At Memphis, Hermes was regarded as representing the personification of divine wisdom, or, more exactly perhaps, the inventive power of the human mind. A little library of forty-two books—which a patricist saw, but not being initiate could not read—was attributed to him.[17] The books contained the entire hieratic belief. Fragments that are held to have survived in an extant Greek novel are obviously Egyptian, but as obviously Alexandrine and neo-platonic. In the editio princeps Pheidias is mentioned. Mention of Michel Angelo would have been less anachronistic. The original books are gone, all of them, forever, perhaps, save one, chapters of which are as old as the fourth dynasty and, it may be, are still older. Pyramid texts of the fifth dynasty show that there then existed what to-day is termed The Book of the Dead, a copy of which, put in a mummy's arms, was a talisman for the soul in the Court of Amenti, a passport thence to the Land of Light.
[17] Clemens Alexandrinos: Stromata vi.
"There is no book like it, man hath not spoken it, earth hath not heard it"—very truthfully it recites of itself. One copy, known as the Louvre Papyrus, presents the Divine Comedy, as primarily conceived and illustrated by an archaic Doré. Text and vignettes display the tribunal where the souls of the dead are judged.
In the foreground is an altar. Adjacent is a figure, half griffon, half chimera, the Beast of Amenti, perhaps too of the Apocalypse. Beyond, an ape poises a pair of scales. For balance is an ostrich feather. Above are the spirits of fate. At the left Osiris is enthroned. From a balcony his assessors lean. At the right is the entrance. There the disembodied, ushered by Truth, appears and, in homages and genuflections, affirms negatively the decalogue; protesting before the Master of Eternity that there is no evil in him; praying the dwellers in Amenti that he may cross the dark way; declaring to each that he has not committed the particular sin over which they preside.
"O Eater of Spirits gone out of the windows of Alu! O Master of the Faces!" he variously calls. "O the One who associates the Splendours! O the Glowing Feet gone out of the Night! I did not lie. I did not kill. I have not been anxious. I did not talk abundantly. I made no one weep. No heart have I harmed."
The assessors listen. "I have not been anxious. I made no one weep. No heart have I harmed." These abstentions, graces now, were virtues then, and so efficacious that they perhaps sufficed, as rightly they should, for absolution.
But while the assessors listen and Osiris looks gravely on, no one accuses. It is conscience in its nakedness, conscience exposed there where all may see it, where for the first time perhaps it truly sees itself, and seeing realizes what there is in it of evil and what of good, it is that which protests.
Still the assessors listen. Orthodoxy on the part of the respondent is to them a minor thing. What they require is that he shall have been merciful to his fellow creatures, true to himself.

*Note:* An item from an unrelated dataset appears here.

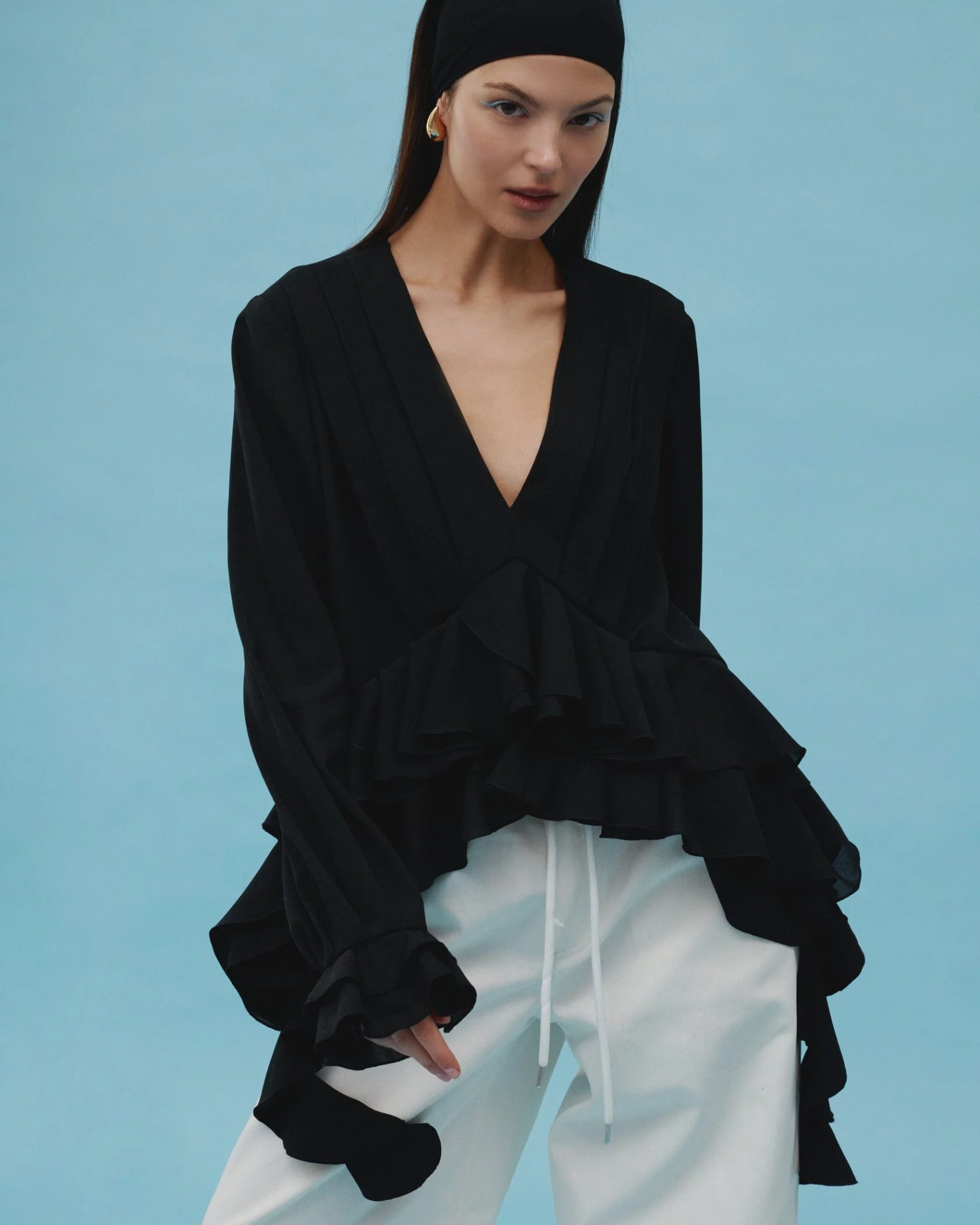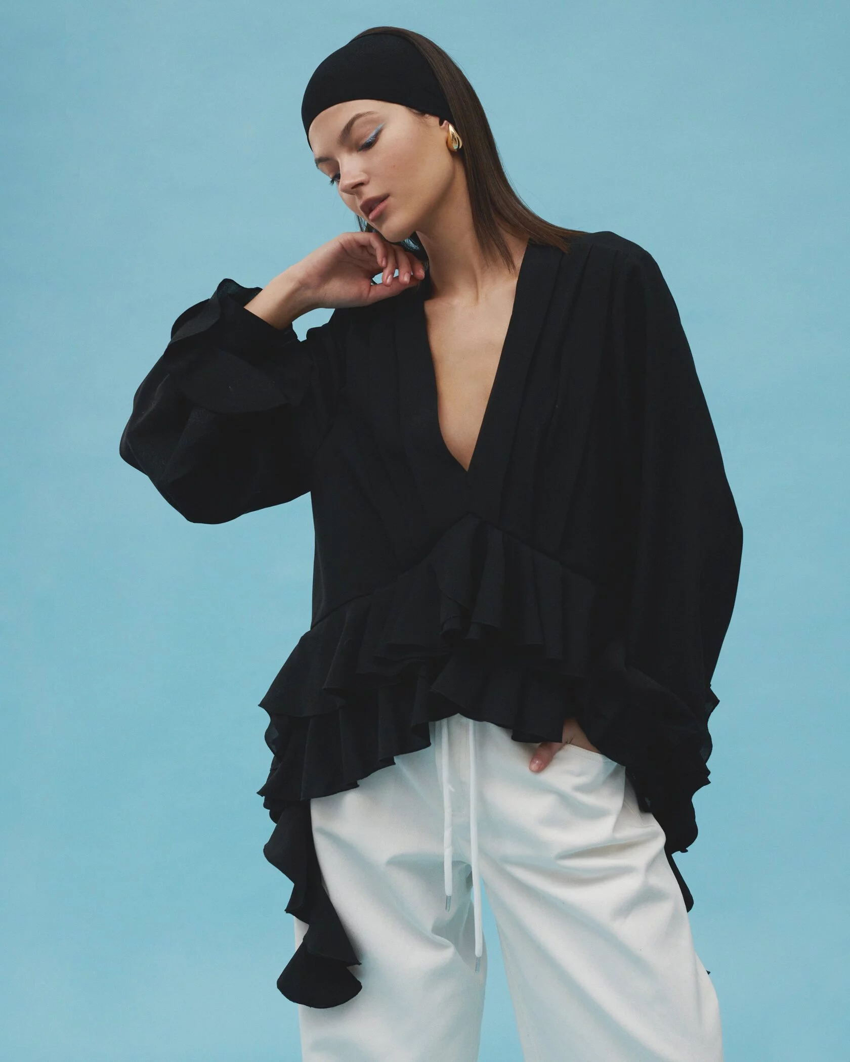 Блуза с воланами BLACK.

Only when it is proven that he has done his duty to man, is he permitted to show that he has done his duty to gods.
The appeal continues: "I fed the hungry, clothed the naked, I gave water to them that thirsted. O ye that dwell in Amenti! I am unpolluted, I am pure."
But is it true? The scales decide. The heart of the respondent is weighed. If heavy, out it is cast to pass with him again through life's infernal circles. But, if light as the feather in the balance and therefore equal with truth, it is restored to the body, which then resurrects and, in the bark of the Sun, sails the celestial Nile to Râ and the Land of Light.